Wer weiß – womöglich gelingt es ALPS II mit den recycelten HERA-Magneten, vor den Experimenten an den milliardenschweren Beschleunigern Hinweise auf neue Physik zu finden. Auf jeden Fall ergänzt die Suche nach sehr leichten Teilchen im Niedrigenergiebereich die Messungen an den Großexperimenten bei höchsten Energien auf optimale Weise – in Kombination werden die Ergebnisse entscheidend dazu beitragen, unser Verständnis der elementaren Bausteine des Universums und ihrer Wechselwirkungen zu vertiefen.
Die Entwicklungsarbeiten für ALPS II begannen im Jahr 2011. Die ersten Ergebnisse werden für 2024 erwartet.
Weitere WISP-Experimente bei DESY
Sollten die WISP-Teilchen existieren, so müssten sie auch in großen Mengen in der Sonne produziert werden. Das Internationale AXion-Observatorium (IAXO) soll nach WISPs suchen, die von der Sonne ausgesandt werden. In einem speziellen Magneten, der der Sonne folgt, würden solche Teilchen in Röntgenphotonen umgewandelt. BabyIAXO, der Prototyp für IAXO, wird nicht nur die Erprobung wichtiger Technologien ermöglichen, sondern auch eine noch nie dagewesene Empfindlichkeit bei der WISP-Suche erreichen. Der Bau von BabyIAXO bei DESY könnte im Jahr 2025 beginnen, die ersten Daten könnte das Experiment vier Jahre später liefern.
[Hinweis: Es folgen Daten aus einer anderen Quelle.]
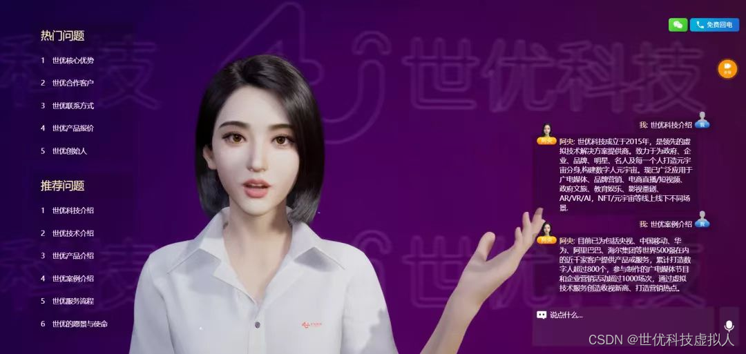 作为虚拟数字人技术服务商,世优科技基于自研的快速训练小模型能力,智能化深度学习、GPT多模态实时内容生成,与数字人形象结合,打造出新一代AI数字人产品“世优BOTA”,让AI从聊天窗口升级成人与“人”的直接交流,它专业、精准、成本低、懂业务、知企业、可无休,并具有专属定制、私有部署、反馈及时、形象焕新、永不掉线和持续进化六大产品亮点,有效提升了数字人智慧化服务垂直产业能力,从根本上释放生产力,助力企业进一步延展出更多的数字化发展可能性。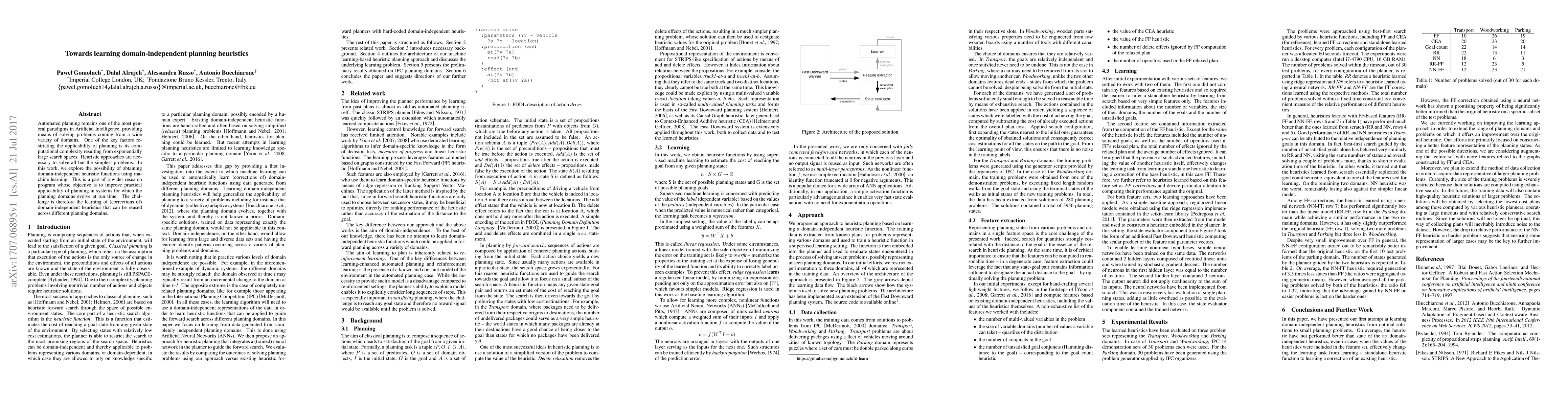 Automated planning remains one of the most general paradigms in Artificial Intelligence, providing means of solving problems coming from a wide variety of domains. One of the key factors restricting the applicability of planning is its computational complexity resulting from exponentially large search spaces. Heuristic approaches are necessary to solve all but the simplest problems. In this work, we explore the possibility of obtaining domain-independent heuristic functions using machine learning. This is a part of a wider research program whose objective is to improve practical applicability of planning in systems for which the planning domains evolve at run time. The challenge is therefore the learning of (corrections of) domain-independent heuristics that can be reused across different planning domains.

Das Magnetized Disk and Mirror Axion eXperiment (MADMAX) zielt auf galaktische Axionen, also die Dunkle Materie, die uns ständig umgibt und dafür sorgt, dass unsere Galaxie zusammenhält. Diese uns umgebenden WISPs könnten sich – wiederum in einem sehr starken Magnetfeld – in sehr schwache Mikrowellenstrahlung umwandeln. Gegenwärtig laufen Prototypentests für MADMAX; das endgültige Experiment könnte im Jahr 2030 fertig sein.